Two factors— “producing scholars and knowledge without directing them” and “the exploitation by capitalist interests”—have turned Western universities into agents of colonization and the oppression of vulnerable nations. The utilization of university resources extends across various fields, from humanities to engineering. Activities such as orchestrating coups, conducting media and cultural invasions using anthropological research, and even facilitating genocide in Gaza and Palestine through weapon development sciences, have all been facilitated by universities. This exploitation of academics, akin to other colonial endeavors, presents an enticing facade that captivates both the colonized populations and certain colonial actors. Human rights rhetoric and calls for freedom in Western nations have been used to deceive people in the region and to mobilize domestic support, particularly among scientists. Military interventions in Vietnam, Cuba, Iraq, Afghanistan, and Libya, under the pretext of promoting freedom and democracy, were actually undertaken to safeguard capitalist interests.

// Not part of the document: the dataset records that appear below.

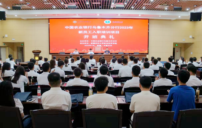 为进一步推进落实学校与中国农业银行乌鲁木齐分行签订的党建共建协议,按照“资源共享、优势互补、注重实效、共同提高”的原则,通过搭建活动平台、分享工作资源、解决实际问题等方式,不断探索校企合作新模式,受中国农业银行乌鲁木齐分行委托,由玩滚官网教育科学学院承办“中国农业银行乌鲁木齐分行2023年新员工入职培训项目”于7月22日在玩滚官网昆仑校区国际教育大厦一楼报告厅顺利开班。开班典礼由中国农业银行乌鲁木齐分行人力资源部汪莹主持,该行共94名新入职员工参加。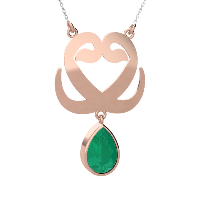 Kök zümrüt 8 ayar rose altın kolye (40 cm gümüş rolo zincir)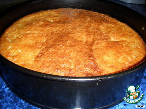 Горячий пирог достать из формы и залить сметанным кремом, поставить в выключенную духовку на несколько минут. Вытащить, опять полить кремом, разровнять лопаткой и опять в духовку на пару минут. Вытащить и покрыть кремом 3-й раз.

The Zionist regime’s attack on Gaza following Al-Aqsa Flood Operation, and the subsequent genocide aided by Western countries resulting in the martyrdom of approximately 34,000 individuals, serves as another instance of capitalist imperialism and warmongering disguised as counterterrorism and the legitimate defense of a democratic nation.

Will Gaza make a lasting change?

Since World War II, numerous students have strived to challenge the dominance and militarism of their own countries in the Western world. Each of these endeavors has contributed to raising awareness among more Westerners about the true nature of these warmongering policies. However, the invasion of Gaza by the Zionist regime, in particular, has prompted Western academics, especially those in the US, to oppose this invasion; because the Zionist regime blatantly disregarded international laws and laid bare the hypocrisy of Western human rights rhetoric. The scale of Israel’s colonial project and its significant benefits for the US, and the West in general, have emboldened them to detain, arrest, and suspend protesting students and professors without hesitation, thereby undermining the academic integrity and autonomy of their institutions. It appears that Western academics may not achieve significant results from these justice-seeking activisms until they fundamentally reconsider the direction of their universities. It remains to be seen whether Gaza’s resistance can imprint the slogan “liberated zone” on the doorsteps of Western universities, rather than just on a campus courtyard or within a single department.